For example, in certain exemplary embodiments, a nose-seal
arrangement may comprise latch 145; in such exemplary embodiments,
a receiving configuration within, for example, a preceding
cementing plug (e.g., receiving configuration 155 in bottom
cementing plug 60) or within a baffle adapter (e.g., baffle adapter
40), for instance, will be configured with a profile so as to
accept a latch down feature such as latch 145. Generally, latch 145
may comprise any self-energized device designed so as to engage and
latch with a latch down receiving configuration, such as may be
present in, for example, a cementing plug, or in a baffle adapter,
for instance. In certain exemplary embodiments, latch 145 may
comprise a self-energized "C" ring profile that may be attached to
a cementing plug of the present invention by expanding the "C" ring
profile over the major outer diameter of a nose of an outer body of
a cementing plug, so as to lodge in groove 146 on such outer
diameter. One of ordinary skill in the art, with the benefit of
this disclosure, will be able to recognize an appropriate latch
device for a particular application.
[0040] FIG. 2 further illustrates that the nose-seal arrangements
employed by the cementing plug assemblies of the present invention
may also, in certain exemplary embodiments, be fitted with one or
more seal rings 147 (which may reside within groove 148) to enhance
sealing. In certain exemplary embodiments of the present invention,
seal rings 147 comprise elastomeric "O" rings; in certain of these
exemplary embodiments, seal rings 147 may be made from a material
such as a fluoro-elastomer, nitrile rubber, VITON.TM., AFLAS.TM.,
TEFLON.TM., or the like. In certain exemplary embodiments of the
present invention, seal rings 147 comprise chevron-type "V" rings.

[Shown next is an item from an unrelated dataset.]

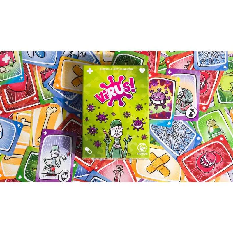 Virus es un juego de cartas rápido y divertido para todas las edades, pensado y diseñado para que un adulto pueda competir contra un niño al mismo nivel. Actualmente, hay mas de 500 mil copias vendidas en mas de 30 países.

One of ordinary skill in the art, with the benefit of this
disclosure, will be able to recognize the appropriate type and
material for seal rings 147 for a particular application.
[0041] Configuring each of the three cementing plugs, and baffle
adapter 40 (shown in FIG. 3), with a sealed latch-down feature
will, among other benefits, allow the deployed cementing plugs to
act as a check valve, permitting the casing string to be installed
in the well bore without a float valve. Among other benefits, such
a "floatless" installation may be particularly useful in
applications where casing is installed in tight well profiles where
high ram forces may be encountered during casing installation. An
example of a tight well profile is a well bore having an inner
diameter that is only slightly larger than the outside diameter of
the casing to be installed therein, or only slightly larger than
the outside diameter of a casing coupling where threaded and
coupled casing is used. Ram forces, e.g., the hydraulic frictional
force created by the displacement of well fluids up through the
annulus during the installation of casing into the well bore,
generally vary proportionately with the clearance between the inner
diameter of the well bore and the outer diameter of the casing or
the casing coupling; accordingly, the smaller the clearance (such
as in a tight well profile) the higher the ram force for a given
rate of casing installation. Performing a "floatless" installation
reduces the volume of well fluids which must be displaced up
through the annulus, thereby desirably reducing the ram forces
encountered during casing installation.
[0042] Turning now to FIGS. 3 and 4, FIG. 3 depicts an exemplary
embodiment of a baffle adapter, denoted generally by numeral 40.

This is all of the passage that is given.